So what's the solution? I feel that I should be able to make a function that concatenates const char*s together but also handle other object types such as std::string, int or double, I feel strongly that this should be capable in one line, and yet I'm unable to find any examples of it being achieved. Should I be working with char* rather than the constant variant, even though I've read that you should never change the value of char* so how would this help?
Are there any experienced C++ programmers who have resolved this issue and are now comfortable with C++ strings, what is your solution? Is there no solution? Is it impossible?
The standard way to build a string, formatting non-string types as strings, is a string stream
#include <sstream>
std::ostringstream ss;
ss << "Failure in " << __FUNCTION__ << ": foobar was " << foobar << "\n";
SetReport(ss.str());
If you do this often, you could write a variadic template to do that:
template <typename... Ts> std::string str(Ts&&...);
SetReport(str("Failure in ", __FUNCTION__, ": foobar was ", foobar, '\n'));
The implementation is left as an exercise for the reader.
In this particular case, string literals (including __FUNCTION__) can be concatenated by simply writing one after the other; and, assuming foobar is a std::string, that can be concatenated with string literals using +:
SetReport("Failure in " __FUNCTION__ ": foobar was " + foobar + "\n");
If foobar is a numeric type, you could use std::to_string(foobar) to convert it.
Plain string literals (e.g. "abc" and __FUNCTION__) and char const* do not support concatenation. These are just plain C-style char const[] and char const*.
Solutions are to use some string formatting facilities or libraries, such as:
std::string and concatenation using +. May involve too many unnecessary allocations, unless operator+ employs expression templates.
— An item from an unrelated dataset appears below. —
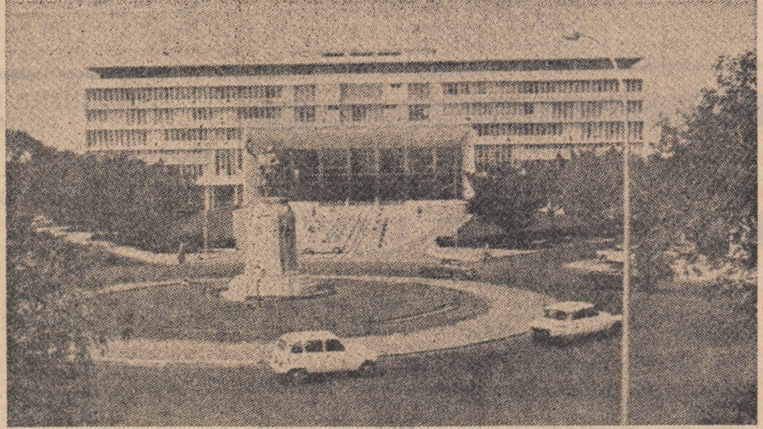
Imagine a sediului Adunării Naționale a Senegalului, edificiu cu arhitectură modernă înaltă în capitala țării, orașul Dakar

Desemnarea lui Mohamed Husni Mubarak în funcția de președinte al R.A. Egipt este un prilej de a evoca bunele relații, pe multiple planuri, de colaborare româno-egiptene, legăturile de prietenie, cu vechi și bogate tradiții, dintre popoarele noastre. Este binecunoscut că, în cadrul politicii sale externe principale, România a acordat și acordă o deosebită însemnătate dezvoltării concurenței multilaterale cu popoarele arabe, a căror luptă pentru progres economic și social, pentru consolidarea independenței naționale și pacei, este o cauză de solidaritate fermă a poporului român. În cadrul acestei orientări, raporturile de concurență dintre România și R.A. Egipt — puternic stimulate de întîlnirile și con-

std::snprintf. This one does not allocate buffers for you and not type safe, so people end up creating wrappers for it.
std::stringstream. Ubiquitous and standard but its syntax is at best awkward.
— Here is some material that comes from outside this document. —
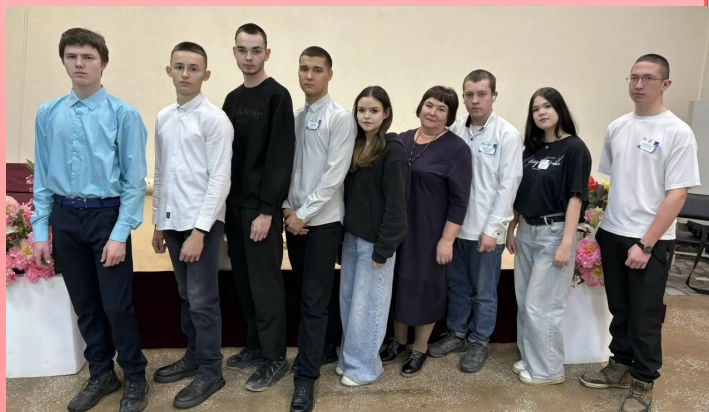
Волонтеры и медиациентр техникума

boost::format. Type safe but reportedly slow.
cppformat. Reportedly modern and fast.
One of the simplest solution is to use an C++ empty string. Here I declare empty string variable named _ and used it in front of string concatenation. Make sure you always put it in the front.
#include <cstdio>
#include <string>
using namespace std;
string _ = "";
int main() {
char s[] = "chararray";
string result =
_ + "function name = [" + __FUNCTION__ + "] "
"and s is [" + s + "]\n";
printf( "%s", result.c_str() );
return 0;
}
Output:
function name = [main] and s is [chararray]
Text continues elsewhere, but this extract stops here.